EXPERIENCES AND NEEDS OF PARENTS CARING FOR CHILDREN WITH CEREBRAL PALSY : A META-SYNTHESIS

Abstract

Background Cerebral palsy (CP) is the most common neuro-muscular condition amongst paediatric patients that affects posture and movement. The disease burden of this condition is well documented to heavily fall in the hands of caregivers. This results in difficulties and stress that could inadvertently lead to the standard of care of these children being compromised and quality of life of individuals in the household to be negatively affected. It is thus imperative that healthcare professionals address the needs of both the child with CP and their parental units. Considering the centrality and gravity of the parents’ role in the child’s developmental trajectory, there is a clear need to better understand their experiences and needs.

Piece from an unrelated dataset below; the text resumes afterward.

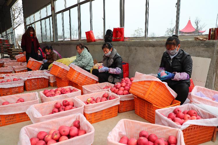 合水縣新興有機(jī)農(nóng)產(chǎn)品農(nóng)民專業(yè)合作社內(nèi),來自四川的客商正在分揀裝箱蘋果。

Existing literature reveals ample evidence, compiled quantitatively. However, no qualitative synthesis on this topic has been performed till date. Objective To conduct an in-depth synthesis of the experiences and needs of parents who are caring/have cared for children with CP within the paediatric population. Design A systematic review of qualitative studies and meta-synthesis will be conducted. Method A comprehensive search of English language studies was carried out in six electronic databases (PubMed, PsycINFO, CINAHL, Scopus, EmBASE, ProQuest) from their respective dates of inception until the period of access. CASP will be used to assess the quality Significance of study Findings of this review contribute insight into the true experiences and needs of parents caring for children with CP and aide clinicians in developing family-unit centred care pathways for these patients.